HOW TO COMPLETE THIS TASK: Reproduce, exactly and only, the lines of the data that follows from the one containing "小白猫仰躺撒娇 软萌呼唤:陪我玩一会嘛 表情" down to the one containing "One nail chipped", without pictures.

THE DATA:
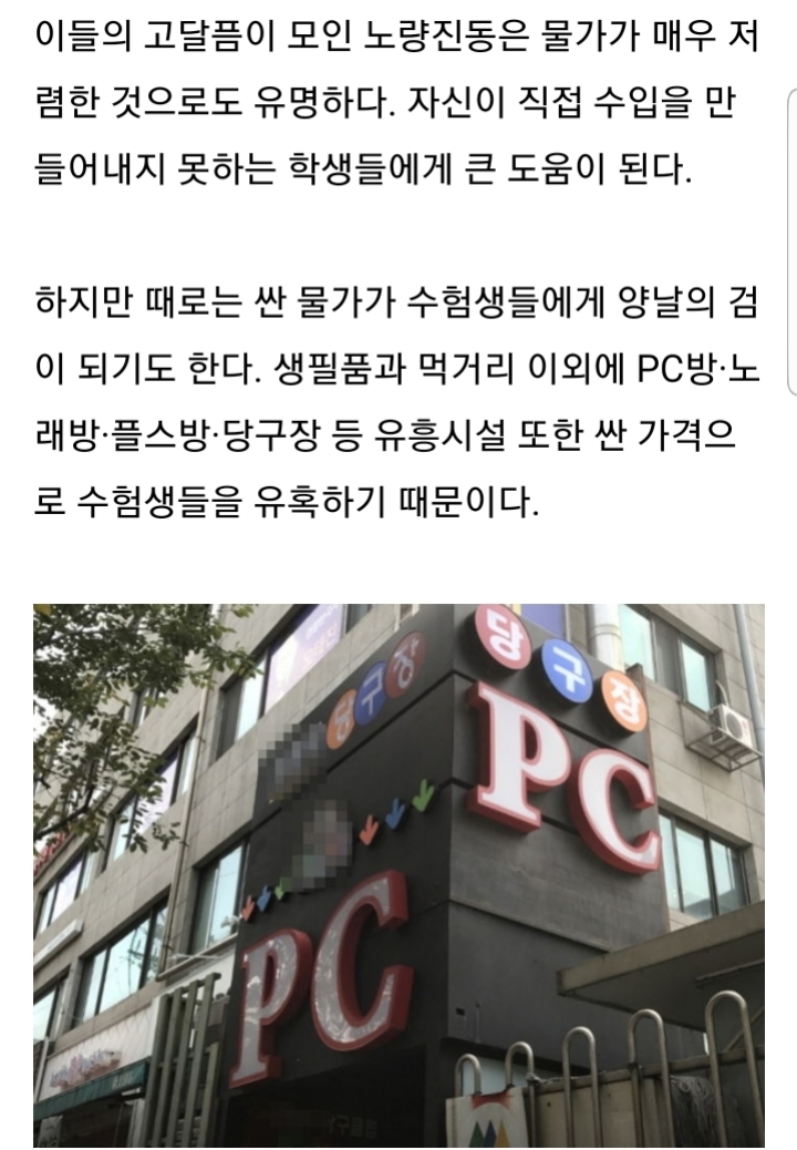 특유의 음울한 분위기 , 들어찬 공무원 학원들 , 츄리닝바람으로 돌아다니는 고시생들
* * *
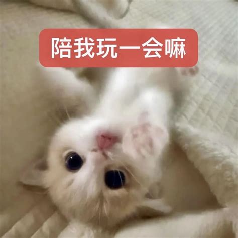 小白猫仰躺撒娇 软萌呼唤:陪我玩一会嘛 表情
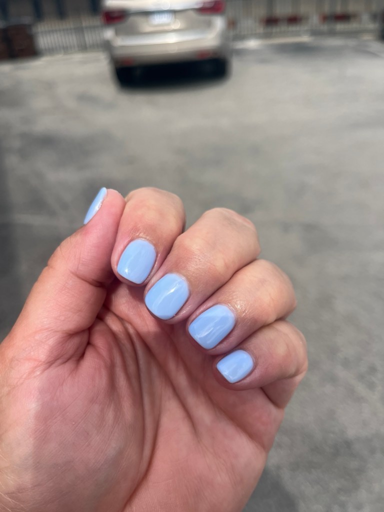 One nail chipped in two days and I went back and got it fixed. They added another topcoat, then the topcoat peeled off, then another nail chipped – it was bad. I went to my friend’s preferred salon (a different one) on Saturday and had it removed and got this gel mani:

THE ANSWER:
 小白猫仰躺撒娇 软萌呼唤:陪我玩一会嘛 表情
 One nail chipped in two days and I went back and got it fixed. They added another topcoat, then the topcoat peeled off, then another nail chipped – it was bad. I went to my friend’s preferred salon (a different one) on Saturday and had it removed and got this gel mani:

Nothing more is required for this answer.